En réalité cette affaire n'est pas religieuse. C'est une affaire de droits de l'homme. La liberté n'est pas une "permission" (selon l'expression, selon moi malheureuse, du doyen Favoreux), c'est un droit inhérent à l'homme créature raisonnable capable de vérité, opposable à tous. C'est encore moins une notion de philosophie étrangère au droit, c'est un droit naturel et par conséquent respectable, même s'il n'est pas respecté.
Libération a publié samedi 16 juillet 2011 un article intitulé « Tous en cène ». Les réactions qui nous parviennent sont légitimement consternées.
Elles proviennent aussi de personnes qui ne sont pas de foi chrétienne, ce qui est hautement significatif. Quel courage immense de compter sur notre légendaire « bonhomie pardonnante » pour rédiger, à l'encontre du cœur de notre foi, des lignes inqualifiables.
La liberté d'expression s'honore quand elle respecte ceux qu'elle offense.
Ce droit est d'ailleurs reconnu par le droit positif et mis en application par le Conseil constitutionnel et par lui par toutes les juridictions (très théoriquement bien sûr, car la France judiciaire n'est à l'évidence pas un État de droit).

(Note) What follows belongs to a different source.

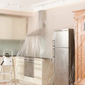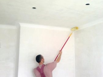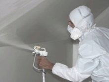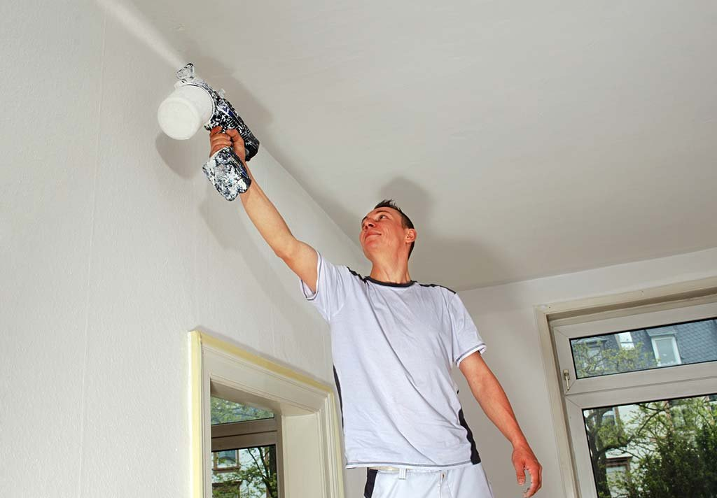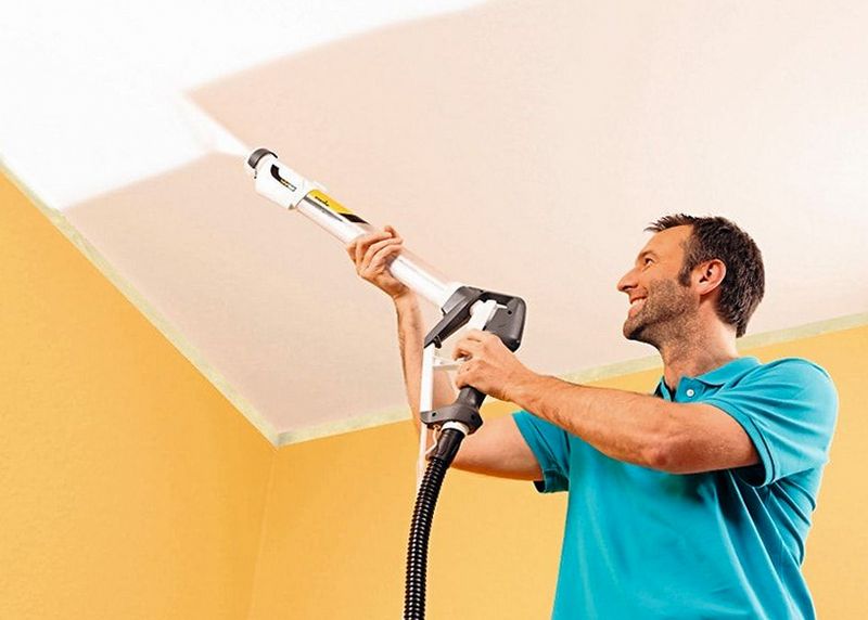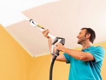 Le plus souvent, lors de réparations à domicile, les plafonds sont blanchis à l'aide de brosses ou d'un rouleau. Vous pouvez également, à ces fins, utiliser le pistolet de pulvérisation ou un aspirateur spécial. Mais en même temps, la peinture se déposera non seulement sur la surface du plafond, mais aussi sur les murs et le sol. Par conséquent, il est recommandé de couvrir toutes les surfaces de la pièce, à l'exception du plafond.

Quand la liberté d'expression entre en conflit avec un autre droit, cela se règle par la notion d'abus de droit (selon l'article 17 de la Convention européenne des droits de l'homme du 4 novembre 1950), ou plus exactement par la condamnation de l'utilisation d'un droit de l'homme pour en violer un autre, ce qui fait que le contrevenant se trouve en dehors du droit (article 30 de la Déclaration de 1948). Non parce qu'il "abuse de son droit", mais parce qu'il n'a aucun droit à violer un droit en en invoquant mensongèrement un autre, un écrivain ou un journaliste se met en dehors du droit et se ravale au rang des malfaiteurs.
Il n'y a pas de liberté d'expression contre la liberté religieuse, il n'y a pas de liberté religieuse contre la liberté d'expression. L'homme est un animal raisonnable capable de vérité. Ainsi on ne peut se moquer des croyants, mais on ne peut interdire les critiques rationnelles des religions.
Esthétiquement, je me délecte toujours de l'article 30 de la Déclaration universelle des droits de l'homme :
"Aucune disposition de la présente Déclaration ne peut être interprétée comme impliquant pour un Etat, un groupement ou un individu un droit quelconque de se livrer à une activité ou d'accomplir un acte visant à la destruction des droits et libertés qui y sont énoncés."
C'est pourquoi la dernière phrase du communiqué est inadmissible juridiquement au moins :
La liberté d'expression s'honore quand elle respecte ceux qu'elle offense.
Bien sûr, le délinquant garde sa dignité d'homme, mais la liberté d'expression ne peut "respecter" un droit qui lui est contraire. En revanche, il peut être opportun de tolérer un mal.